§ TASK DIRECTIONS
Send back exactly the lines from the opening line of the records below through the one with "Photos 2,3 &".

---------- THE DATA

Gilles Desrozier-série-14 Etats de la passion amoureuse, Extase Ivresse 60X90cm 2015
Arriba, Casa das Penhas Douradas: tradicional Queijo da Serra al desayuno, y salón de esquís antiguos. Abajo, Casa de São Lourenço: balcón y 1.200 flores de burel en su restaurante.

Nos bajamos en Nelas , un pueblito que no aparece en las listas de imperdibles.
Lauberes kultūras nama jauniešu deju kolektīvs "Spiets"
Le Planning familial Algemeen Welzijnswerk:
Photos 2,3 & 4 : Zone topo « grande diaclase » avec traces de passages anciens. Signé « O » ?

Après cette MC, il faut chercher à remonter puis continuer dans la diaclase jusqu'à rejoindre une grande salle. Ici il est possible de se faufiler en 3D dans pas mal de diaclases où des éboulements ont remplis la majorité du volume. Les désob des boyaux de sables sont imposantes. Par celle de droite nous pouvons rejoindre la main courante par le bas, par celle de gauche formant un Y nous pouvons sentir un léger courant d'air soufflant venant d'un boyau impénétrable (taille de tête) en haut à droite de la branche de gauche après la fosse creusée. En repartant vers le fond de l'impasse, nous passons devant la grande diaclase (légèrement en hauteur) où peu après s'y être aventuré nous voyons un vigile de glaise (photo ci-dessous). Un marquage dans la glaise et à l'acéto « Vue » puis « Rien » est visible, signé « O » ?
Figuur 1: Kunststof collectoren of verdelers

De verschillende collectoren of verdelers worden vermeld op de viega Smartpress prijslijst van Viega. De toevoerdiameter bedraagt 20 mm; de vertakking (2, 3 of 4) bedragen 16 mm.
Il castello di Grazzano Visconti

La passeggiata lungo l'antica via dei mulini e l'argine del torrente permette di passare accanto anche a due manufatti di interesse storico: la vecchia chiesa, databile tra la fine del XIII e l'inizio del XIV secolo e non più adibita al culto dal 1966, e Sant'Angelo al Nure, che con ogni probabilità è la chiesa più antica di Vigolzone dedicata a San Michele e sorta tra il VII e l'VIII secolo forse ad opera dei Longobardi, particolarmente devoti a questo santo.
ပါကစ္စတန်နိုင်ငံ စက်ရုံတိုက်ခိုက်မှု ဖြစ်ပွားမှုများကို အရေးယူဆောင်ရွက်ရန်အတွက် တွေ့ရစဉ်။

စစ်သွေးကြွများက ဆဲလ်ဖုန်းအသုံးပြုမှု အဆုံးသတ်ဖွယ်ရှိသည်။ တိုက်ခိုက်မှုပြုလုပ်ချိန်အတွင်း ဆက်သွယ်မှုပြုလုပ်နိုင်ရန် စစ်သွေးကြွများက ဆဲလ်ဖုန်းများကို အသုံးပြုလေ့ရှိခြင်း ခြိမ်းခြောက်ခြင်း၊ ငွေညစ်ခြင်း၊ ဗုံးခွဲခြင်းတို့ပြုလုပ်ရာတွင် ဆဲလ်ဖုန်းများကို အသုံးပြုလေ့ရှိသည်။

--------------------

§ WRITTEN SOLUTION
Gilles Desrozier-série-14 Etats de la passion amoureuse, Extase Ivresse 60X90cm 2015
Arriba, Casa das Penhas Douradas: tradicional Queijo da Serra al desayuno, y salón de esquís antiguos. Abajo, Casa de São Lourenço: balcón y 1.200 flores de burel en su restaurante.

Nos bajamos en Nelas , un pueblito que no aparece en las listas de imperdibles.
Lauberes kultūras nama jauniešu deju kolektīvs "Spiets"
Le Planning familial Algemeen Welzijnswerk:
Photos 2,3 & 4 : Zone topo « grande diaclase » avec traces de passages anciens. Signé « O » ?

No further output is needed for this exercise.